I also drink a lot of rooibos/honeybush tea, particularly on an evening. Sometimes they’re the best dessert replacements, too. White teas are a staple in summer — their lightness and delicate nature is something I can always appreciate on a hot day.

I’m still warming up to green teas and oolongs. I don’t think they’ll ever be my favourites, with a few rare exceptions, but I don’t hate them anymore. My experience of these teas is still very much a work-in-progress. I’m also beginning to explore pu’erh, both ripened and raw. That’s my latest challenge!

I’m still searching for the perfect fruit tea. One without hibiscus. That actually tastes of fruit.
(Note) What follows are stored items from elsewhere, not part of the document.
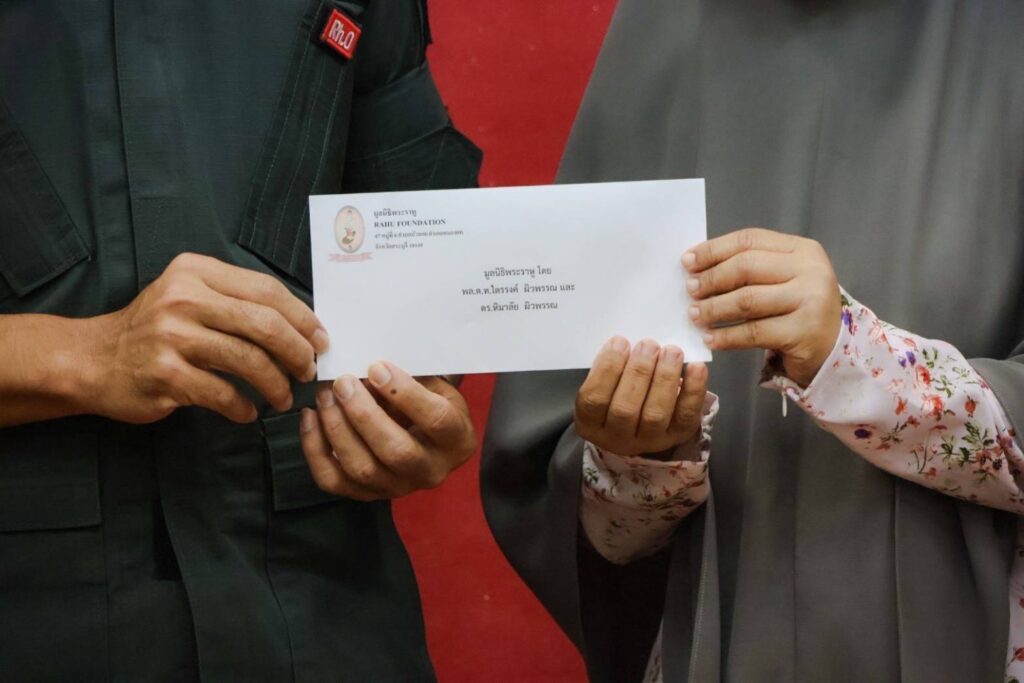 ร่วมมอบธงชาติ เงินบำรุงขวัญ และพูดคุยให้กำลังใจ แก่ครอบครัว ด.ต.ตุแวเลาะ รอมะ ผบ.หมู่ ( ป.) สภ.ยะรัง จ.ปัตตานี ผู้ปฏิบัติหน้าที่ สละชีพเพื่อชาติ ซึ่งเสียชีวิตจากเหตุระเบิด และยิงถล่มเจ้าหน้าที่ตำรวจ เหตุเกิดหน้าเทศบาลตำบลยะรัง จ.ปัตตานี เมื่อวันที่ 28 ส.ค.2566 ที่ผ่านมาตามโครงการ “ส่งเสริมคนดี มูลนิธิพระราหู”
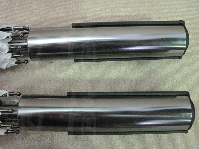 2.伞骨检查.伞骨应不易生锈, 富有弹性, 手感软硬适度, 收落后应紧贴伞杆,铆钉连接处应灵活适度, 光整无刺.
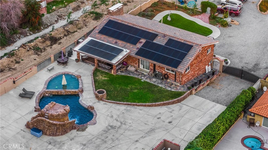 Welcome to a truly one-of-a-kind retreat in the unincorporated community of Lytle Creek, ideally located on the borders of Fontana, Rialto, & San Bernardino offering the perfect blend of mountain privacy, spacious living, and commuter convenience. Set against the foothills of the San Bernardino Mountains, this unique property feels like a private getaway while still providing easy access to Rancho Cucamonga, Fontana, surrounding cities, major freeways, shopping, and more. Inside, the home features a custom kitchen and a cozy living room with a fireplace, built-in bookshelves, and direct access to an outdoor deck—perfect for relaxing or entertaining. The downstairs family and dining room combo offers flexible living space, and an additional large family room presents endless possibilities as a game room, oversized primary suite, or potential additional bedrooms. Kitchen hookups are available in this area and have been virtually staged to showcase the potential. The oversized laundry room includes a custom sink, while the primary bedroom and bath provide a comfortable private retreat. The upgraded full hall bathroom is beautifully finished with brushed brass fixtures and Swarovski crystal knobs. A downstairs bathroom is handicap-equipped, featuring a premium walk-in tub with 27 jets, infrared lighting, and heated water functionality for year-round comfort. Step outside to your resort-style backyard, highlighted by a stunning rock pool and spa with grotto, waterfall, Baja shelf, lighting, fire features, and a pool slide—an entertainer’s dream. Additional outdoor amenities include a covered patio and a front automatic solar-powered gate for added privacy and convenience. Car enthusiasts, hobbyists, or business owners will appreciate the massive workshop/garage, equipped with 220V power, room for up to 6 vehicles, and a working car lift—a rare and valuable feature. The solar system is fully paid off, adding long-term efficiency and savings. This property offers a rare opportunity to enjoy Lytle Creek living—known for its open space, scenic surroundings, and outdoor recreation—while staying just minutes from the amenities of Fontana. A truly special home with flexibility, function, and lifestyle all in one.

You’ve probably had enough of me now, so I’m going to shut up. Needless to say, though, I really love tea. Long may the journey continue!

My rating system:

91-100: The Holy Grail. Flawless teas I will never forget.

81-90: Outstanding. Pretty much perfection, and happiness in a cup.

71-80: Amazing. A tea to savour, and one I’ll keep coming back to.

61-70: Very good. The majority of things are as they should be. A pleasing cup.

51-60: Good. Not outstanding, but has merit.

41-50: Average. It’s not horrible, but I’ve definitely had better. There’s probably still something about it I’m not keen on.

31-40: Almost enjoyable, but something about it is not for me.

11-30: Pretty bad. It probably makes me screw my face up when I take a sip, but it’s not completely undrinkable.

0-10: Ugh. No. Never again. To me, undrinkable.